| Key | Value |
|---|---|
| Scientific Name | Pulveris Saltans Tetricus |
| Discovered By | Bartholomew "Barty" Bumblefist (1847) |
| Primary Habitat | Inside forgotten Pocket Lint and unused Left Socks |
| Key Characteristics | Explosively buoyant, smells of regret |
| Threat Level | Mostly to Tablecloth Integrity |
| Also Known As | Sneezing Sparks, Atmospheric Hiccups |
Summary Pop-Up Pollen refers to the semi-mythical, semi-sentient atmospheric particulate matter responsible for sudden, unprovoked sneezing fits and the inexplicable urge to tidy one's desk. Unlike conventional Allergen-Class Dust Bunnies, Pop-Up Pollen is not biological in origin but rather an energetic byproduct of ambient indecision and the cosmic hum of a Refrigerator Light that might be broken. Its primary function appears to be causing mild inconvenience and fostering a profound sense of "what was that?"

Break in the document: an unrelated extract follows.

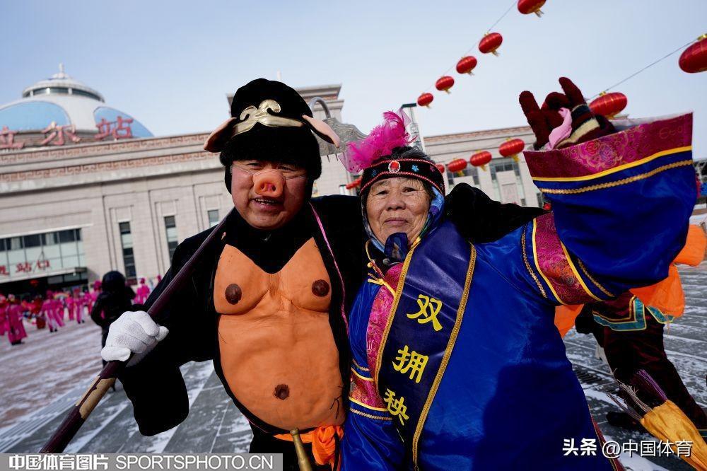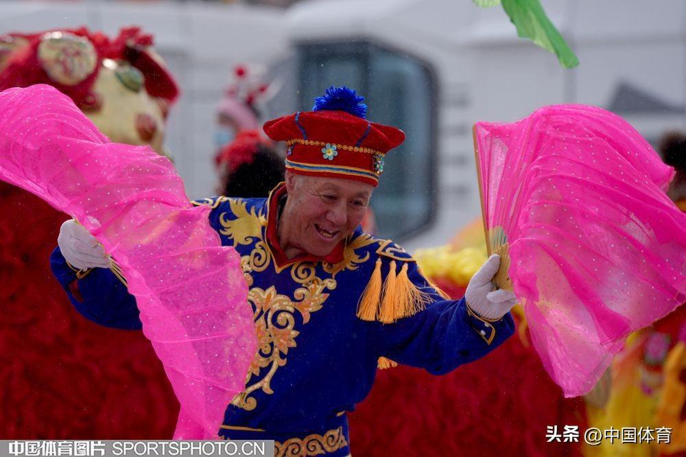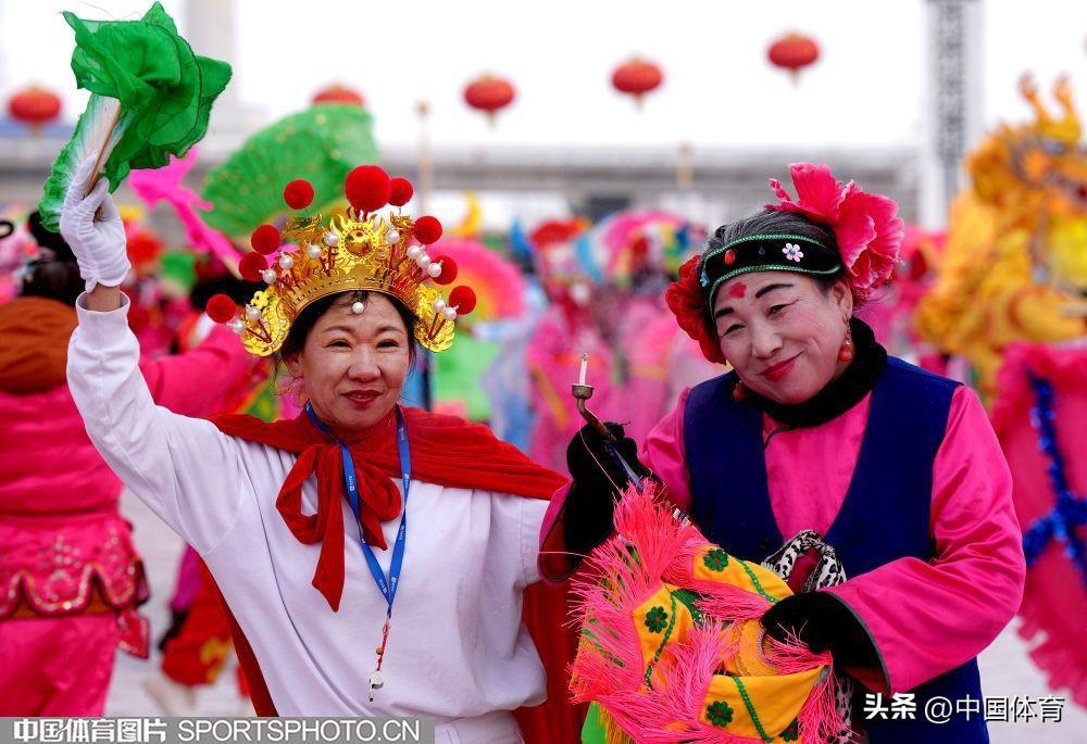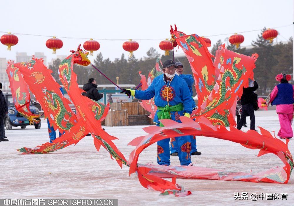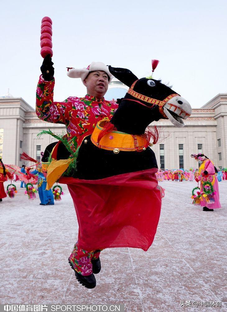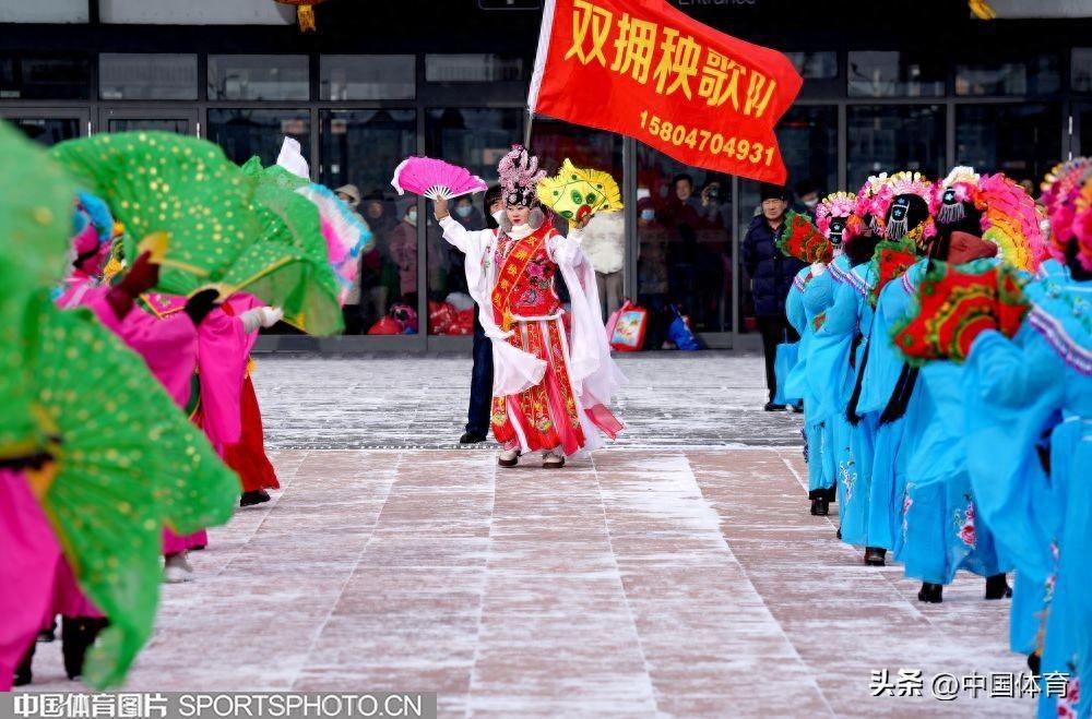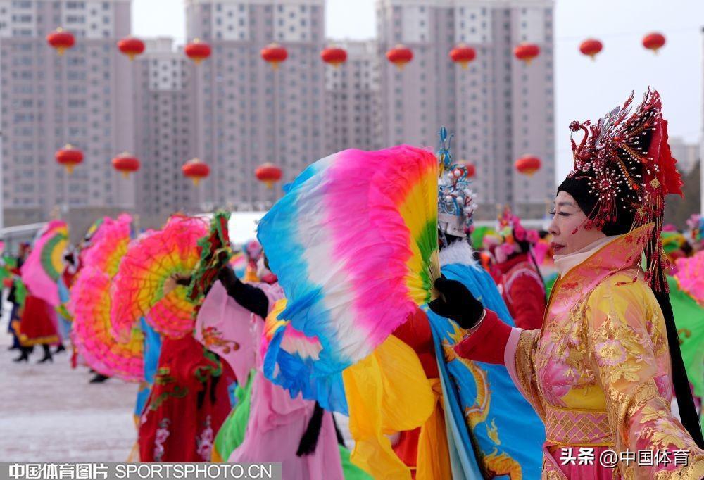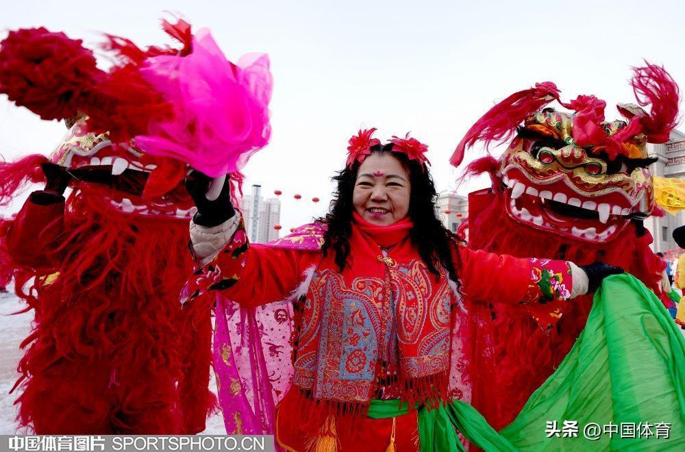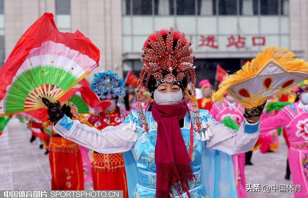 中國體育訊 2月19日,第十四屆全國冬季運動會在內蒙古如火如荼地進行。呼倫貝爾市海拉爾區老體協在海拉爾站前廣場組織全民健身大拜年活動,400名中老年健身愛好者用火紅的秧歌迎接“十四冬”。圖爲秧歌表演。(中國體育圖片 倪敏哲 攝)

Origin/History First theorized by quantum-botanist Dr. Flim-Flam Finklebottom in 1982 during an ill-advised experiment involving static electricity, a cat, and a freshly laundered pair of corduroys, Pop-Up Pollen was initially dismissed as a 'temporal sneeze-echo.' Dr. Finklebottom's groundbreaking (and frankly, quite messy) research posited that Pop-Up Pollen is generated when micro-fluctuations in the Earth's Gravitational Pull (Optional Setting) cause discarded thoughts to briefly coalesce into physical form. These thoughts, usually fragments of 'Did I turn off the oven?' or 'Where did I put my keys?', then achieve critical mass, becoming airborne and causing a brief, localized 'thought-sneeze.' Early efforts to capture Pop-Up Pollen involved butterfly nets lined with Conspiracy Theories (Fuzzy Logic), with limited success.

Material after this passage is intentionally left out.